◆ WORK REQUEST: Please repeat the entries below exactly as written, leaving out any images.

◆ SOURCE MATERIAL:
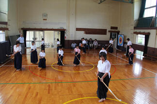 7月17日(金)、放課後子ども教室でなぎなた教室がありました。今回が最後のなぎなた教室です。正式に袴を着て、なぎなたの基本動作(上段、中段、下段、八相の構え)を練習しましたが、1年生もなぎなたの振り方が上手になってきました。
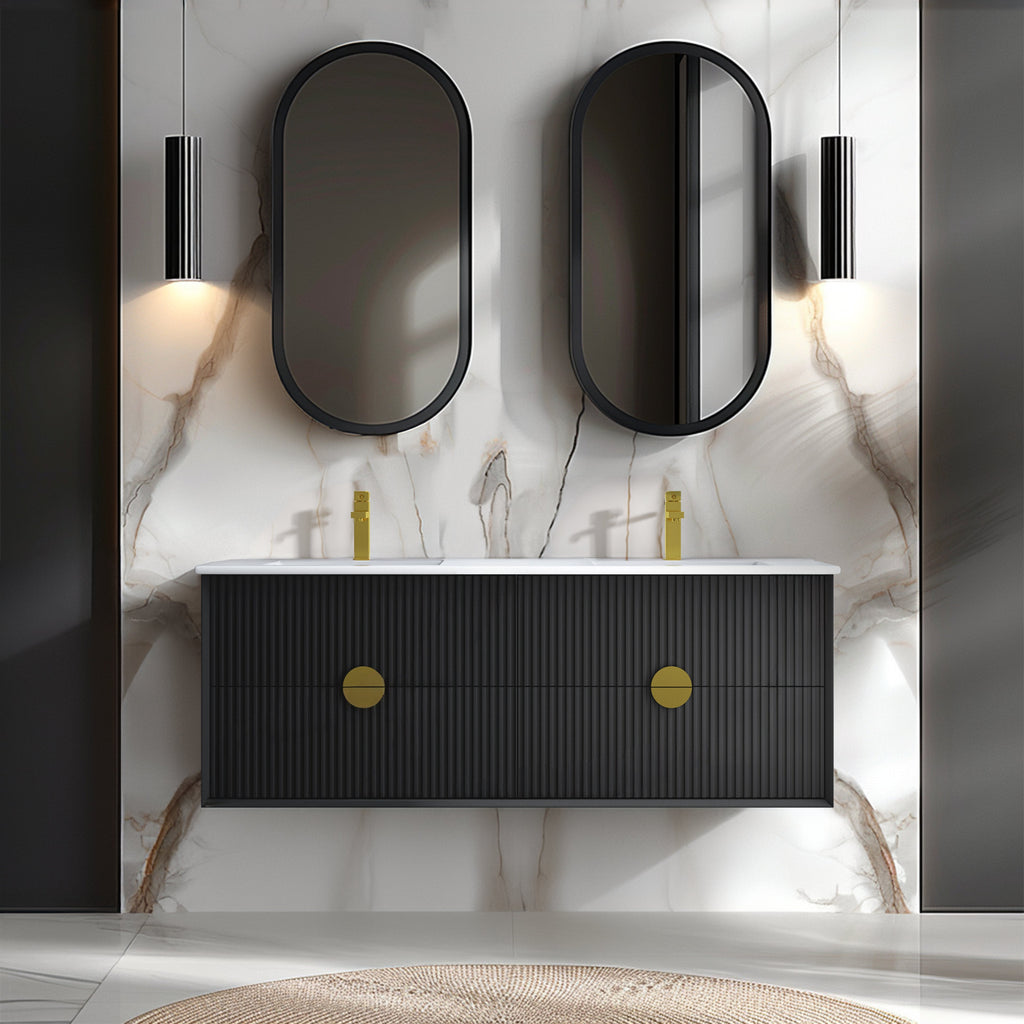 INFINITY KINGO MATTE BLACK 1500MM DOUBLE BOWL WALL HUNG VANITY
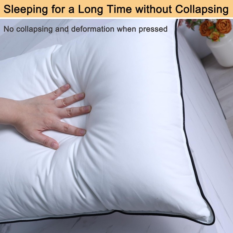 - HARD-WEARING DESIGN AND BEST GIFT: Our down fiber pillow are Double-stitched and expertly tailored, offers signature black piping ensuring both a luxurious appearance and preventing any down fiber from escaping. A great gift choice for family and friends
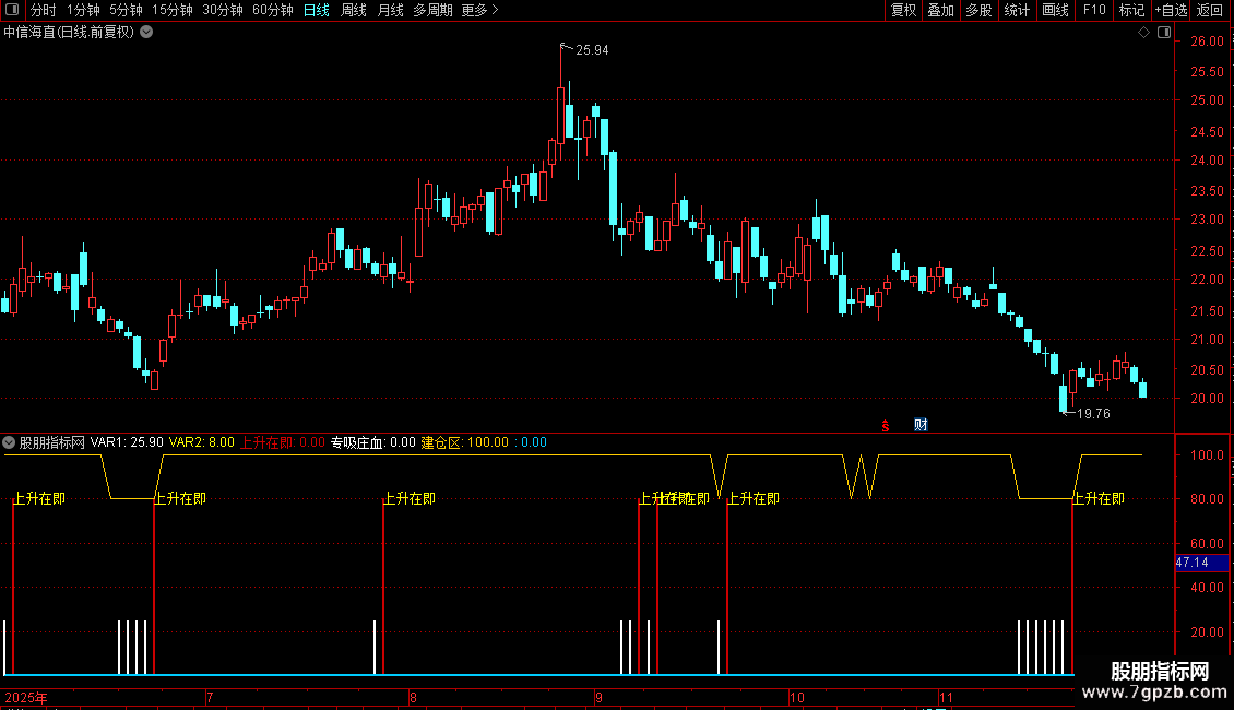 专吸庄血: IF(VAR1<=8,25,0),STICK,COLORWHITE,LINETHICK2;
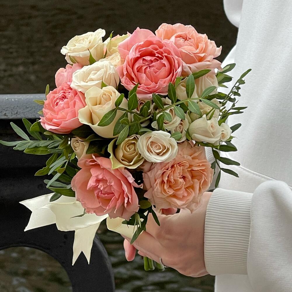 Роза кустовая – 3 шт.Роза одноголовая – 7 шт.Лента атласная – 3 шт.Фисташка – 2 шт.Роза Джульетта – 2 шт.
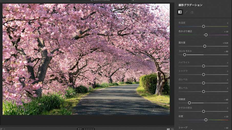 グラデーションを写真に適用してからでも効果の強さは何度も調整ができます。
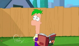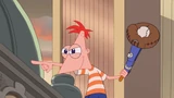 Phineas runs over there to grab the baseball launcher
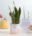 Deze Sansevieria wordt geleverd als een stijlvol groen cadeau, compleet met een kaart waarop "Let's Grow With Us" staat gedrukt.
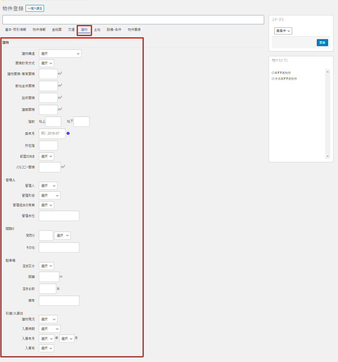 物件登録では、サイトで表示される物件の登録方法を紹介します。
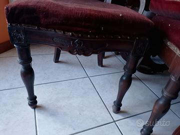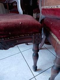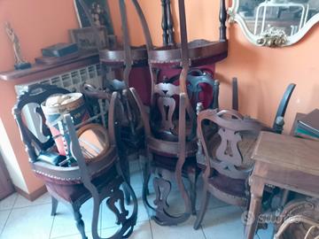 Cedo ,solo in lotto, 10 sedie antiche fine 800 inizi 900 in legno di noce. Finemente lavorate e con tessuto originale dell' epoca. Ovviamente necessitano piccoli lavori di restauro, ma nulla di eccessivo. Ancora in patina originale struttura sana e non intaccata da umidità o tarlature. Ritiro a carico dell' acquirente Prezzo inteso cadauna
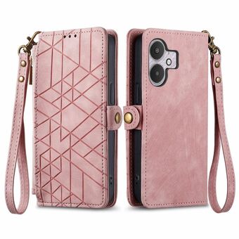 For Xiaomi Redmi 13C 5G Geometric Zipper Wallet Side Buckle Leather Phone Case(Pink)
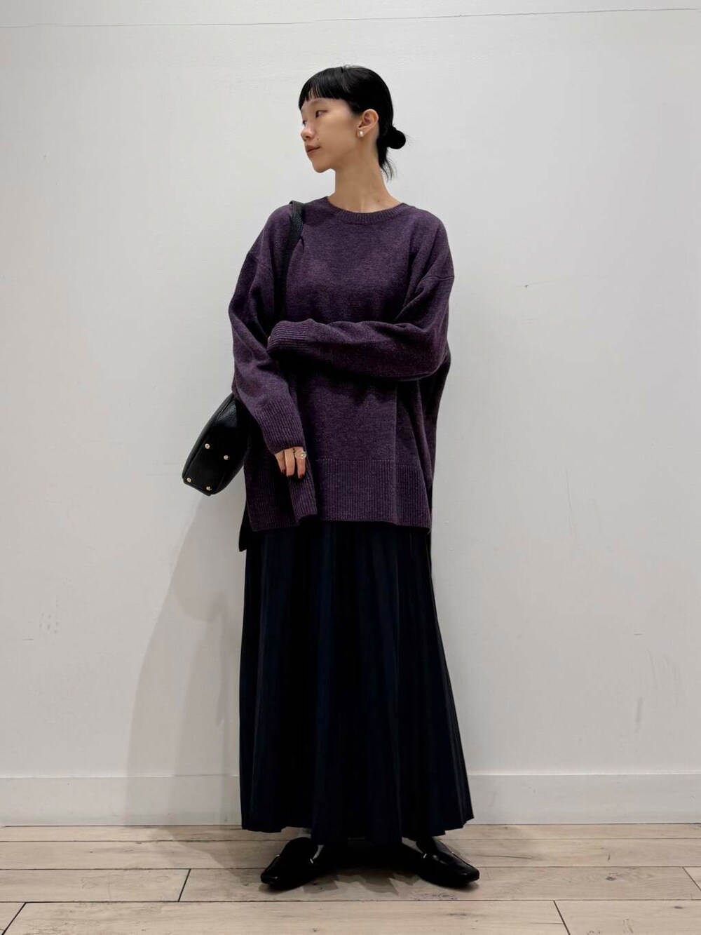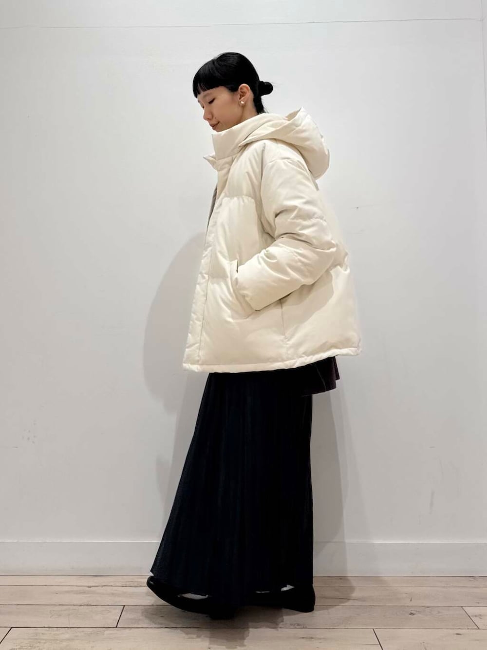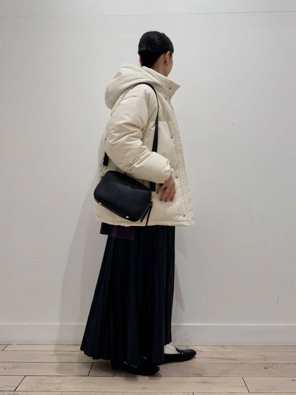 丈が短いダウンだと中のニットが出過ぎてしまいますが、こちらはミドル丈で長さがあるので、ニットのリブ部分がチラッと見えて前を閉めている時も差し色感があってかわいいです◎
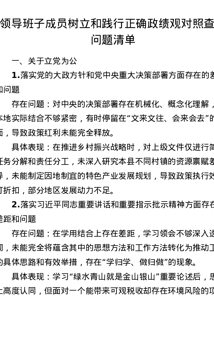 领导班子成员树立和践行正确ZJG对照查摆问题清单
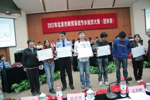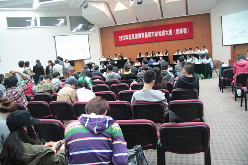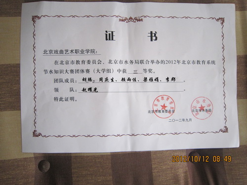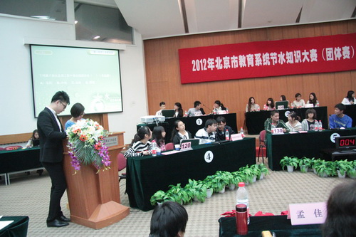 2012年10月11日,我院高职部五名学生代表,影视表演2011班胡腾、周庆生、李郡,舞美2011班顾雨佳,音乐2011班梁雅娟与五名舞蹈2012班的拉拉队员在学生处高职部赵耀光老师的带领下,参加了由北京市水务局、北京市教委共同主办的“2012年北京市教育系统节水知识大赛”。本次大赛旨在提高全市大中小学生节能减排意识和能力,北京市共有23所高等院校参加了此次活动。
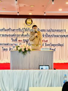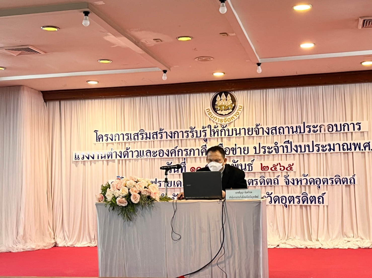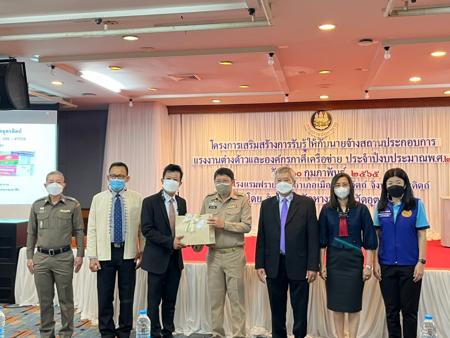 วันพฤหัสบดีที่ 10 กุมภาพันธ์ 2565 เวลา 09.00 น. นายอุรุพงษ์ เวชศรี แรงงานจังหวัดอุตรดิตถ์ ร่วมพิธีเปิดการอบรบโครงการเสริมสร้างการรับรู้ให้กับนายจ้าง สถานประกอบการ แรงงานต่างด้าวและองค์กรภาคีเครือข่าย ประจำปีงบประมาณ พ.ศ.2565 เพื่อให้กลุ่มเป้าหมายมีความรู้ ความเข้าใจในกฏระเบียบ ข้อกฏหมาย และขั้นตอนในการขอรับใบอนุญาตทำงานของคนต่างด้าว รวมถึงบทลงโทษตามพระราชกำหนดการบริหารจัดการการทำงานของคนต่างด้าว พ.ศ.2560 และที่แก้ไขเพิ่มเติม (ฉบับที่ 2) พ.ศ.2561 จัดโดยสำนักงานจัดหางานจังหวัดอุตรดิตถ์ ณ ห้องคัทลียา ชั้น 4 โรงแรมฟรายเดย์ อำเภอเมืองอุตรดิตถ์ จังหวัดอุตรดิตถ์ โดยมี นายสหวิช อภิชัยวิศรุตกุล รองผู้ว่าราชการจังหวัดอุตรดิตถ์ เป็นประธานในพิธีฯ
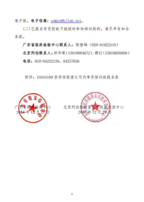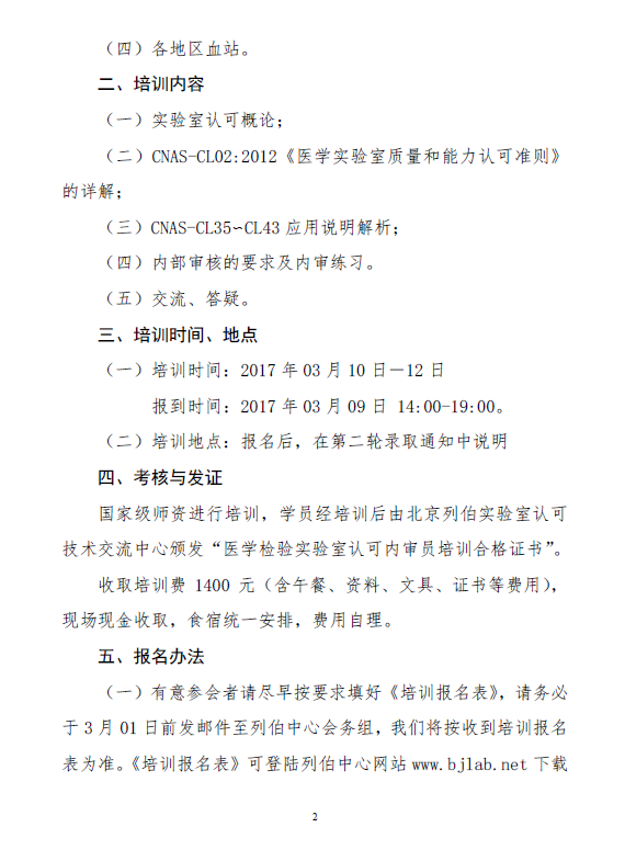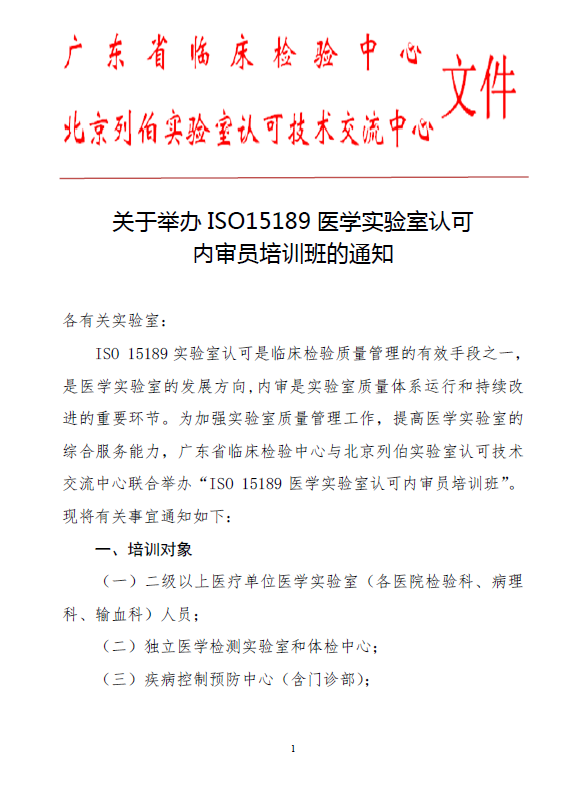 关于举办ISO15189医学实验室认可内审员培训班的通知

◆ SOLUTION TO THE PROBLEM:
 7月17日(金)、放課後子ども教室でなぎなた教室がありました。今回が最後のなぎなた教室です。正式に袴を着て、なぎなたの基本動作(上段、中段、下段、八相の構え)を練習しましたが、1年生もなぎなたの振り方が上手になってきました。
 INFINITY KINGO MATTE BLACK 1500MM DOUBLE BOWL WALL HUNG VANITY
 - HARD-WEARING DESIGN AND BEST GIFT: Our down fiber pillow are Double-stitched and expertly tailored, offers signature black piping ensuring both a luxurious appearance and preventing any down fiber from escaping. A great gift choice for family and friends
 专吸庄血: IF(VAR1<=8,25,0),STICK,COLORWHITE,LINETHICK2;
 Роза кустовая – 3 шт.Роза одноголовая – 7 шт.Лента атласная – 3 шт.Фисташка – 2 шт.Роза Джульетта – 2 шт.
 グラデーションを写真に適用してからでも効果の強さは何度も調整ができます。
 Phineas runs over there to grab the baseball launcher
 Deze Sansevieria wordt geleverd als een stijlvol groen cadeau, compleet met een kaart waarop "Let's Grow With Us" staat gedrukt.
 物件登録では、サイトで表示される物件の登録方法を紹介します。
 Cedo ,solo in lotto, 10 sedie antiche fine 800 inizi 900 in legno di noce. Finemente lavorate e con tessuto originale dell' epoca. Ovviamente necessitano piccoli lavori di restauro, ma nulla di eccessivo. Ancora in patina originale struttura sana e non intaccata da umidità o tarlature. Ritiro a carico dell' acquirente Prezzo inteso cadauna
 For Xiaomi Redmi 13C 5G Geometric Zipper Wallet Side Buckle Leather Phone Case(Pink)
 丈が短いダウンだと中のニットが出過ぎてしまいますが、こちらはミドル丈で長さがあるので、ニットのリブ部分がチラッと見えて前を閉めている時も差し色感があってかわいいです◎
 领导班子成员树立和践行正确ZJG对照查摆问题清单
 2012年10月11日,我院高职部五名学生代表,影视表演2011班胡腾、周庆生、李郡,舞美2011班顾雨佳,音乐2011班梁雅娟与五名舞蹈2012班的拉拉队员在学生处高职部赵耀光老师的带领下,参加了由北京市水务局、北京市教委共同主办的“2012年北京市教育系统节水知识大赛”。本次大赛旨在提高全市大中小学生节能减排意识和能力,北京市共有23所高等院校参加了此次活动。
 วันพฤหัสบดีที่ 10 กุมภาพันธ์ 2565 เวลา 09.00 น. นายอุรุพงษ์ เวชศรี แรงงานจังหวัดอุตรดิตถ์ ร่วมพิธีเปิดการอบรบโครงการเสริมสร้างการรับรู้ให้กับนายจ้าง สถานประกอบการ แรงงานต่างด้าวและองค์กรภาคีเครือข่าย ประจำปีงบประมาณ พ.ศ.2565 เพื่อให้กลุ่มเป้าหมายมีความรู้ ความเข้าใจในกฏระเบียบ ข้อกฏหมาย และขั้นตอนในการขอรับใบอนุญาตทำงานของคนต่างด้าว รวมถึงบทลงโทษตามพระราชกำหนดการบริหารจัดการการทำงานของคนต่างด้าว พ.ศ.2560 และที่แก้ไขเพิ่มเติม (ฉบับที่ 2) พ.ศ.2561 จัดโดยสำนักงานจัดหางานจังหวัดอุตรดิตถ์ ณ ห้องคัทลียา ชั้น 4 โรงแรมฟรายเดย์ อำเภอเมืองอุตรดิตถ์ จังหวัดอุตรดิตถ์ โดยมี นายสหวิช อภิชัยวิศรุตกุล รองผู้ว่าราชการจังหวัดอุตรดิตถ์ เป็นประธานในพิธีฯ
 关于举办ISO15189医学实验室认可内审员培训班的通知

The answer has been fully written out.